Problem to solve:
All of the data below should be printed again word for word, pictures excluded.

Dataset content:
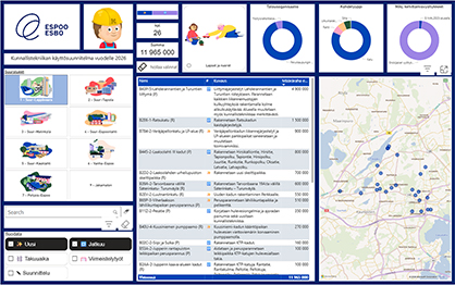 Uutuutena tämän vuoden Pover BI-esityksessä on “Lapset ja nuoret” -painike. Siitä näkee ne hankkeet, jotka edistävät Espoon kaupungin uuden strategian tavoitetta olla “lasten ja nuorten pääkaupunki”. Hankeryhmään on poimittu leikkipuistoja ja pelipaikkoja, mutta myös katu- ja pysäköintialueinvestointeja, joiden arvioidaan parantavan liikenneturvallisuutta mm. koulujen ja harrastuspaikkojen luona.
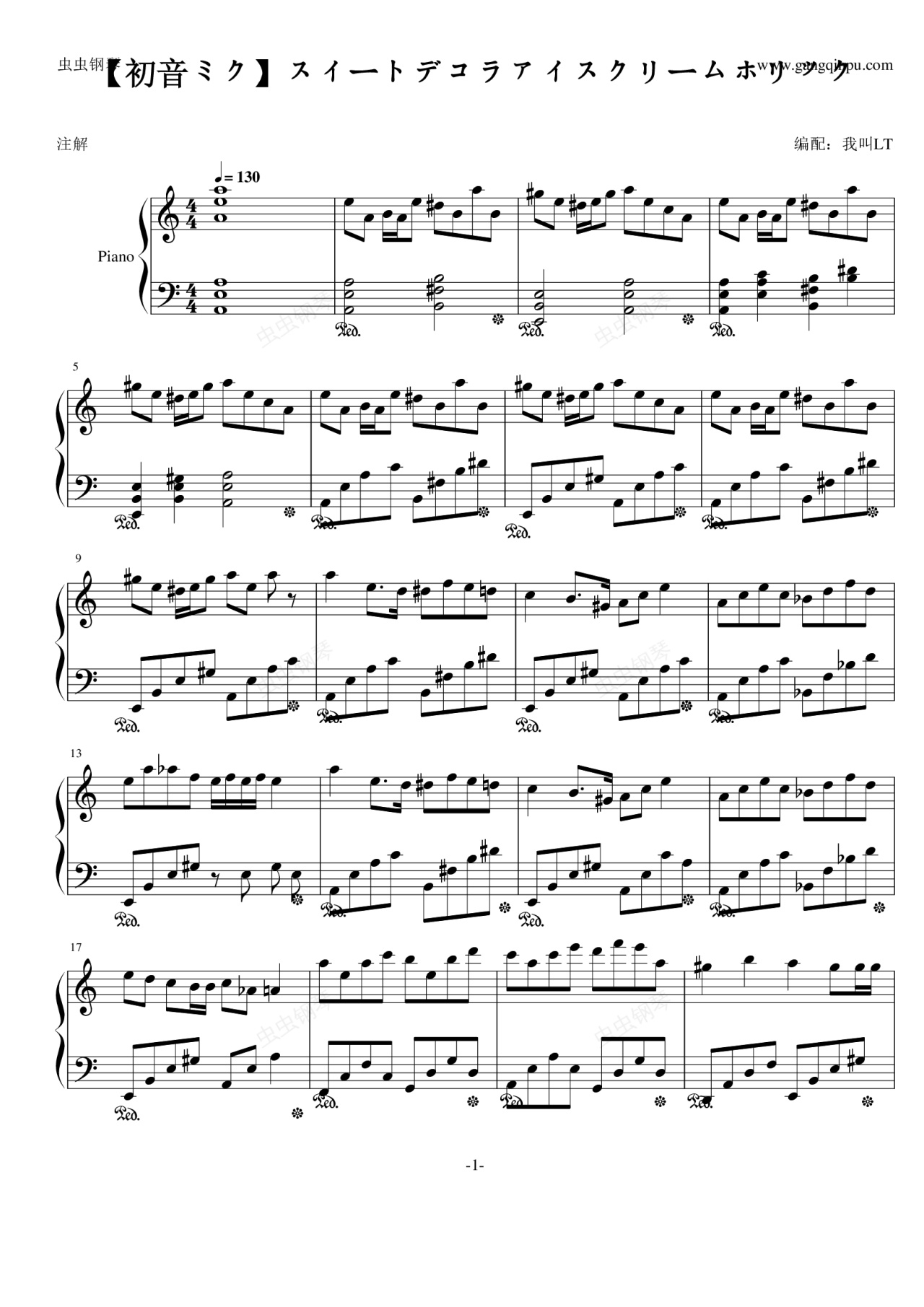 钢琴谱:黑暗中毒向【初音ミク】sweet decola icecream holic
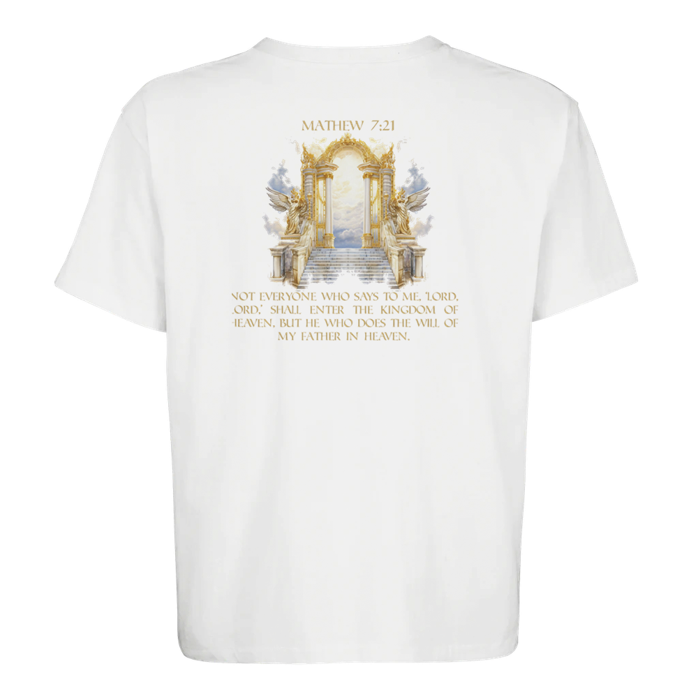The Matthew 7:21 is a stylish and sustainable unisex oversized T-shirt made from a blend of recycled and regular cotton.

Written response:
 Uutuutena tämän vuoden Pover BI-esityksessä on “Lapset ja nuoret” -painike. Siitä näkee ne hankkeet, jotka edistävät Espoon kaupungin uuden strategian tavoitetta olla “lasten ja nuorten pääkaupunki”. Hankeryhmään on poimittu leikkipuistoja ja pelipaikkoja, mutta myös katu- ja pysäköintialueinvestointeja, joiden arvioidaan parantavan liikenneturvallisuutta mm. koulujen ja harrastuspaikkojen luona.
 钢琴谱:黑暗中毒向【初音ミク】sweet decola icecream holic
The Matthew 7:21 is a stylish and sustainable unisex oversized T-shirt made from a blend of recycled and regular cotton.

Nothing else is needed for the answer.